- Task brief: Practice item. Set the material below down again exactly, with no pictures.

■ ■ ■ ■ ■

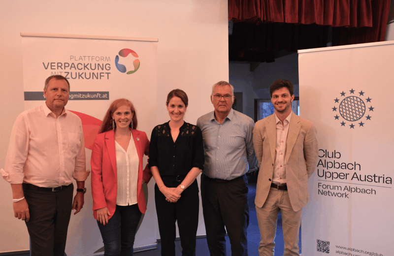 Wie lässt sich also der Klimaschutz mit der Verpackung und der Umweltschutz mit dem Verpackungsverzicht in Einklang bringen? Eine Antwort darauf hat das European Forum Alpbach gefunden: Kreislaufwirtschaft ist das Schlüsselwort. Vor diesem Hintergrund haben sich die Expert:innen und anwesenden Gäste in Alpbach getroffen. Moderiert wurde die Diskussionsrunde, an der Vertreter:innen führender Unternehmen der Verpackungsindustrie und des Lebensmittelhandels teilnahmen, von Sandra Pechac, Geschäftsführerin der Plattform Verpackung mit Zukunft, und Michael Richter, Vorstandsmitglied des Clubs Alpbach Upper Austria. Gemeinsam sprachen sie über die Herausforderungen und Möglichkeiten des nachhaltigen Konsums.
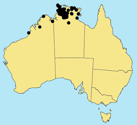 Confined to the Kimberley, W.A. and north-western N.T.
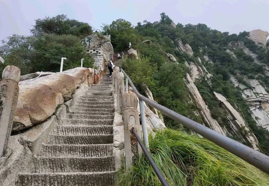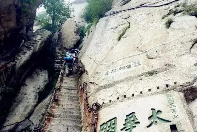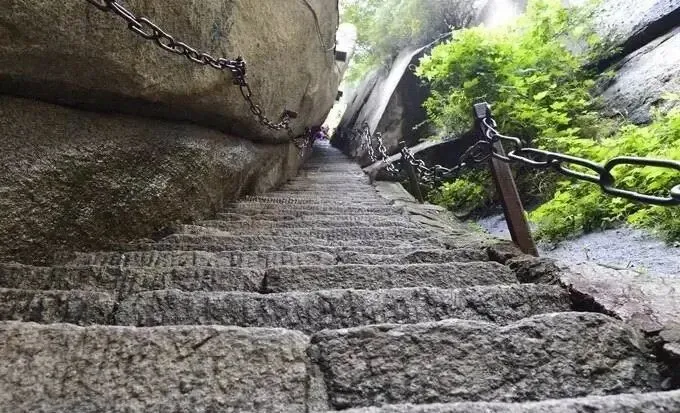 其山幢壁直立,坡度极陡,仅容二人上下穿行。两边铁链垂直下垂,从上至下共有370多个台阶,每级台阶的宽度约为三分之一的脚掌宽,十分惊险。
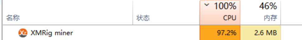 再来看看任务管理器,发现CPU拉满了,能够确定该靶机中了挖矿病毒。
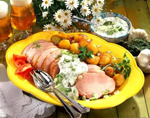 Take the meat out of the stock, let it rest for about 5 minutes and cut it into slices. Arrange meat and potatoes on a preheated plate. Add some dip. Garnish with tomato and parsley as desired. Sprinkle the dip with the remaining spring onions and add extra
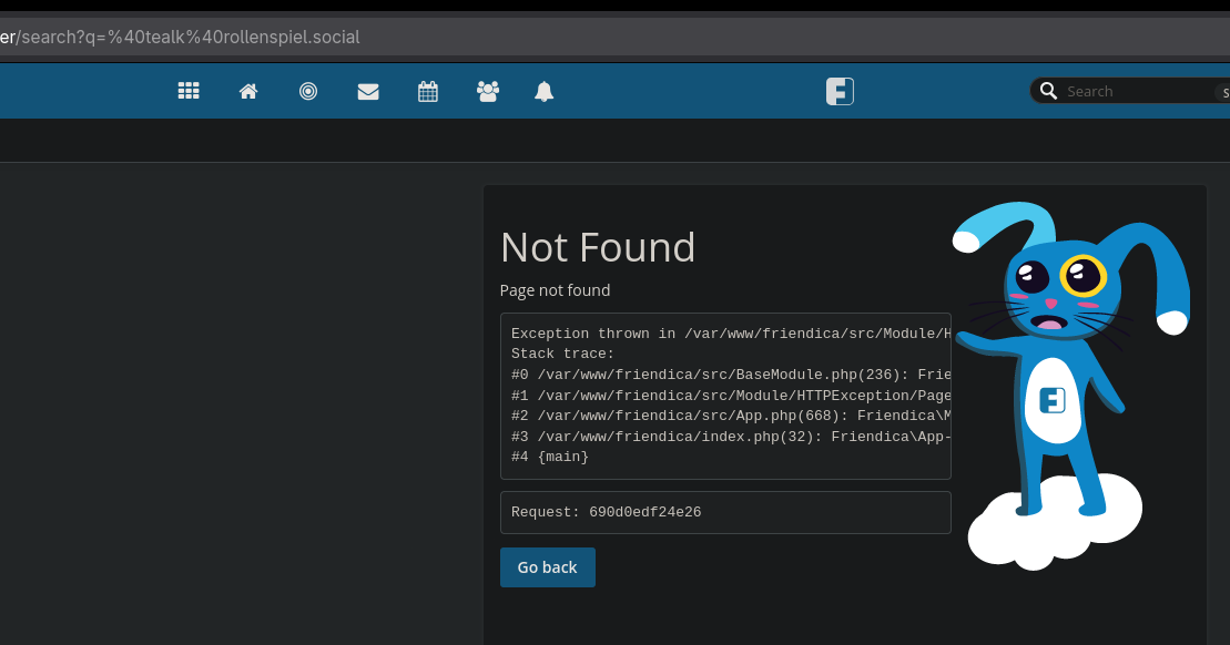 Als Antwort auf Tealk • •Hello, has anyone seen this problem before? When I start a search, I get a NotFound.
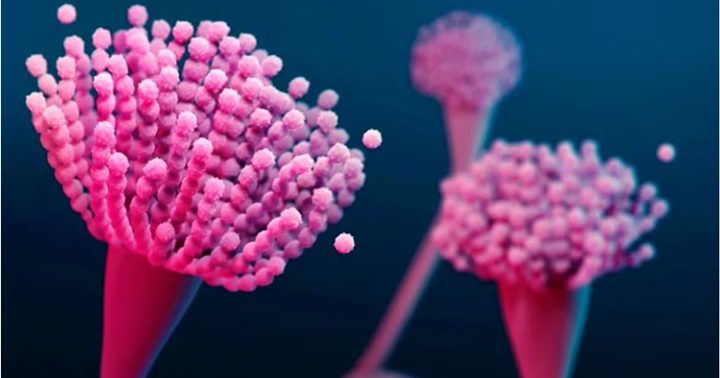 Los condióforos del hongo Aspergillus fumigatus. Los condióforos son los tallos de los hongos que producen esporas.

■ ■ ■ ■ ■

- Task solution:
 Wie lässt sich also der Klimaschutz mit der Verpackung und der Umweltschutz mit dem Verpackungsverzicht in Einklang bringen? Eine Antwort darauf hat das European Forum Alpbach gefunden: Kreislaufwirtschaft ist das Schlüsselwort. Vor diesem Hintergrund haben sich die Expert:innen und anwesenden Gäste in Alpbach getroffen. Moderiert wurde die Diskussionsrunde, an der Vertreter:innen führender Unternehmen der Verpackungsindustrie und des Lebensmittelhandels teilnahmen, von Sandra Pechac, Geschäftsführerin der Plattform Verpackung mit Zukunft, und Michael Richter, Vorstandsmitglied des Clubs Alpbach Upper Austria. Gemeinsam sprachen sie über die Herausforderungen und Möglichkeiten des nachhaltigen Konsums.
 Confined to the Kimberley, W.A. and north-western N.T.
 其山幢壁直立,坡度极陡,仅容二人上下穿行。两边铁链垂直下垂,从上至下共有370多个台阶,每级台阶的宽度约为三分之一的脚掌宽,十分惊险。
 再来看看任务管理器,发现CPU拉满了,能够确定该靶机中了挖矿病毒。
 Take the meat out of the stock, let it rest for about 5 minutes and cut it into slices. Arrange meat and potatoes on a preheated plate. Add some dip. Garnish with tomato and parsley as desired. Sprinkle the dip with the remaining spring onions and add extra
 Als Antwort auf Tealk • •Hello, has anyone seen this problem before? When I start a search, I get a NotFound.
 Los condióforos del hongo Aspergillus fumigatus. Los condióforos son los tallos de los hongos que producen esporas.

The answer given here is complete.